Le retour de LOL 2.0 et la montée des algo-babies au cinéma
Les nostalgiques des années 2000 trépignent à l'idée de revoir Sophie Marceau incarner Anne, la petite sœur de Lola, dans LOL 2.0, qui fait son grand retour sur les écrans ce mercredi. Le film réunit une brochette d'anciens acteurs, mais aussi de nouvelles têtes, comme l'influenceuse Paola Locatelli. Cependant, à quelques jours de la sortie, un vif débat agite les internautes : les influenceurs voleraient-ils les places des vrais acteurs ? On ne parle plus ici de nepo-babies, mais plutôt d'algo-babies, ces créateurs propulsés par leurs statistiques sur les réseaux sociaux.
Paola Locatelli et Just Riadh : des influenceurs qui conquièrent le 7e art
Paola Locatelli, avec ses 1,9 million d'abonnés sur Instagram, et Just Riadh, de son vrai nom Riadh Belaïche, s'essayent au cinéma depuis quelque temps. Récemment, ils ont partagé l'affiche de N121 Bus de nuit, et Paola Locatelli est également à l'affiche de LOL 2.0. À 21 ans, elle attire les producteurs grâce à sa communauté massive, apparaissant dans des films comme Rapide ou Les Liaisons Dangereuses. Et ils ne sont pas les seuls : Lena Situations devrait bientôt figurer dans une comédie d'horreur, tandis qu'aux États-Unis, Addison Rae a décroché un premier rôle. La liste s'allonge, témoignant d'une tendance où le cinéma offre une place de choix aux algo-babies.

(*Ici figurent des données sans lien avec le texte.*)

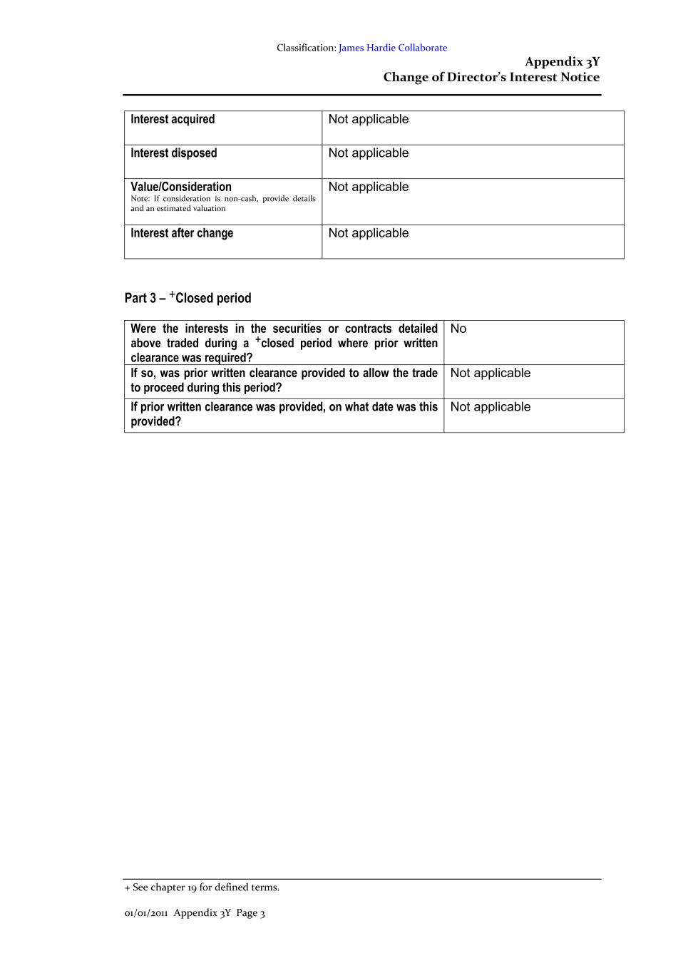 Classification: James Hardie Collaborate Appendix 3Y Change of Director’s Interest Notice + See chapter 19 for defined terms. 01/01/2011 Appendix 3Y Page 3 Interest acquired Not applicable Interest disposed Not applicable Value/Consideration Note: If consideration is non-cash, provide details and an estimated valuation Not applicable Interest after change Not applicable Part 3 – +Closed period Were the interests in the securities or contracts detailed above traded during a +closed period where prior written clearance was required? No If so, was prior written clearance provided to allow the trade to proceed during this period? Not applicable If prior written clearance was provided, on what date was this provided? Not applicable
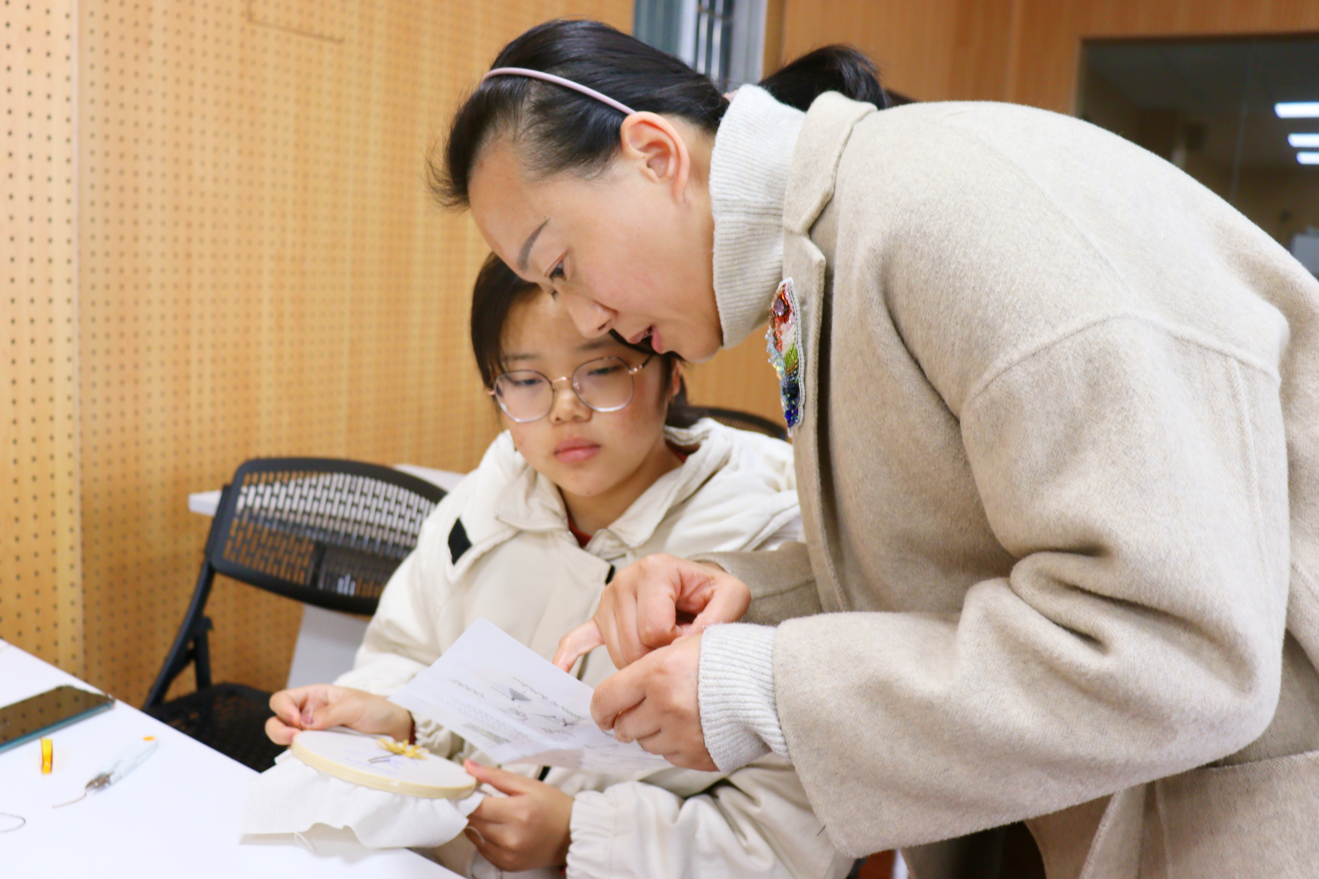 志愿服务活动也让参与的教师得到了教育,马翔老师说:通过这次锦绣纺服的志愿活动,我发现原来在工科为主的学校里,艺术的课程更能激发学生的参与性和创造力,在课程学习中他们充满热情和自信,希望这种活动以后能多办常办,让更多的学生释放自己的天性。邬红芳教授说:刺绣是植根于民间、鼎盛于宫廷的中华民族传统手工艺的代表,通过服装党支部给广大学生开设“锦绣纺服”的刺绣课,理论上让学生知道刺绣历史和享誉世界的名绣佳作,实践上手把手的教会零基础学生穿针引线,绣绷上一朵朵一簇簇的花草在学生针线之间盎然开放,通过行动增强文化自信!从而热爱中华传统文化,传承文化精髓。张晓伟老师说:在教育过程中,学生被精益求精的工匠精神深深折服,老师看到自己教授的传统文化被更多人群接受并喜爱而自豪。

Le terme algo-babies et ses implications
Le terme algo-babies, inspiré de nepo-babies, a été créé et popularisé début janvier par Romane Daily, une créatrice de contenus spécialisée en cinéma. Elle explique : « C'est un influenceur qui aurait certains privilèges grâce à sa notoriété et son nombre d'abonnés. Il a accès plus facilement aux mondes fermés de la musique, du cinéma ou encore du journalisme. » Ainsi, ces créateurs sont propulsés au grand écran non par un réseau familial, mais par l'algorithme, c'est-à-dire leurs stats sur les réseaux sociaux. Pour les producteurs, le calcul est simple : plus de buzz et de visibilité grâce aux followers, ce qui augmente les chances de remplir les salles et de financer les projets. Maya Hawke, fille d'Uma Thurman et d'Ethan Hawke, a même révélé que certains producteurs exigent un quota collectif de followers Instagram pour financer un film.

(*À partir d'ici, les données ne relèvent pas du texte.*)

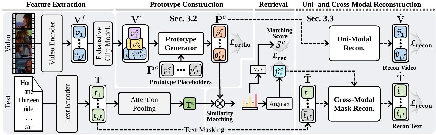 우리의 연구는 PRVR을 위한 **비디오 표현 학습(video representation learning)**으로 prototypical learning을 확장한다. 다음 섹션에서는 프로토타입의 효율성을 활용하기 위한 우리의 아키텍처 설계 선택에 대해 자세히 설명하며, 여기에는 이중 재구성 task, 약한 비디오-텍스트 가이드, 프로토타입 다양화와 같은 개선 사항이 포함된다.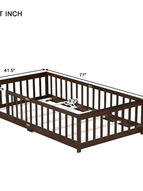 • Alvantor Twin Size Montessori Floor Bed for Kids with Rails, Wood Toddler Bed Frame,Espresso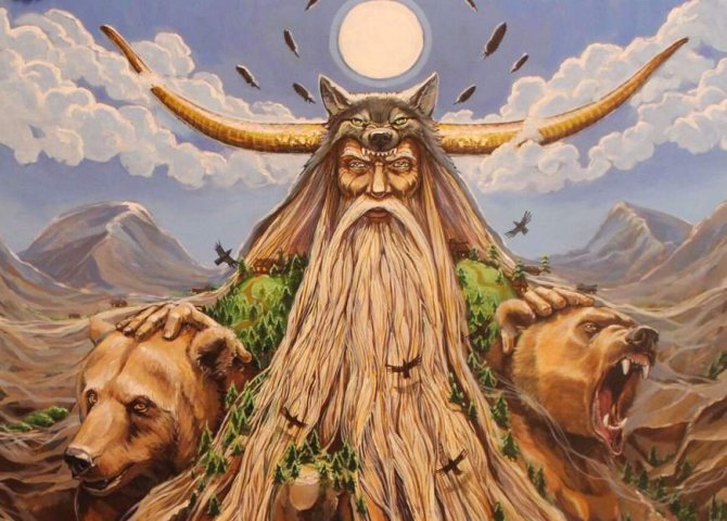 Étant à la fois un homme et un ours, ce dieu combine l'origine animale et humaine. Dans cette veine, les silhouettes d'un ours à pattes, à cornes et à poils sont souvent inscrites sans désignation.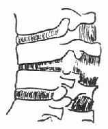 图73-9 过伸拉伸损伤 (七)综合性损伤 如楔状骨折加椎体后部骨折;爆裂型加椎体后部损伤。 在分类时,需仔细测量椎体前后缘的高度,椎弓根之间的距离,椎体的横径及棘突间距,并和上、下各一个椎体的测量相比较,进行准确分类。再根据分类,选择各自的合适的治疗方法。 四、脊柱骨折的治疗选择 我国对脊柱骨折的治疗有悠久的历史,1749年出版的中国医学巨著《医宗金鉴》中,对于治疗脊柱损伤的方法和器械的论述已较完善,也是国内外治疗脊柱骨折的最早记录。其中记述的“攀索叠砖”法,就已科学地采用自身重力牵引及脊柱后伸方法进行脊柱骨折的复位(图73-10)。在过去10多年里,在国外,脊柱骨折的治疗发展很快,1775年脊柱CT扫描的发展更促进了治疗的发展。国内目前还在普遍使用的老式脊突钢板(Holdworth钢板)由于不能满意复位骨折,而且固定不牢固,术后病人常残留腰痛,在北美已弃置不用,为比较先进的Harrington手术法、Lugue手术法、Galveston手术法及Steffee或Dick手术法等所取代。近几年来,北京协和医院和国内一些单位也已经逐渐开展应用上述新技术。

La question de la légitimité et les critiques
Romane Daily s'interroge sur le sens artistique de ces choix : « Faire venir des influenceurs, c'est plus de la communication et du marketing. On transforme les critères de sélection pour intégrer des personnes qui ne font pas partie du monde de l'art du spectacle... » Elle souligne que prendre un premier rôle sans expérience peut être problématique, car cela instaure une logique de course aux followers pour les comédiens. Du côté des critiques, les acteurs en quête de rôles dénoncent ces pratiques qui privilégient la notoriété sur l'expérience. Paola Locatelli a alimenté le débat en affirmant ne pas avoir volé la place à personne, se disant légitime, tandis que Just Riadh a confirmé qu'ils n'étaient pas là par hasard. Cependant, les internautes restent sceptiques, avec des commentaires comme : « Perso, c'est frustrant quand tu veux vraiment devenir acteur et que tu te donnes les moyens pour le faire... et j'ai jamais rien parce que j'ai pas 3 millions d'abonnés. »
La réaction du public et l'impact sur le cinéma
Les compétences, la formation théâtrale et la passion pour l'art du cinéma passent souvent au second plan face à la viralité apportée par les influenceurs. Bien que cela soit un atout marketing indéniable, Romane Daily y voit une menace pour le cinéma. Les influenceurs peinent à convaincre le public, comme en témoignent les critiques sur Letterboxd. Pour le film Rapide, une spectatrice écrit : « Le jeu d'acteur de Paola est à mourir de rire mais quel désastre s'il vous plaît. » Pour N121 Bus de nuit, un autre commentaire note : « Ça se bat avec Silent Hill pour le flop 2026. Affligeant de nullité. Des stéréotypes en veux-tu en voilà et Paola Locatelli n'est toujours pas une bonne actrice. » Ces réactions montrent que, malgré leur notoriété, les algo-babies doivent encore prouver leur légitimité sur le grand écran.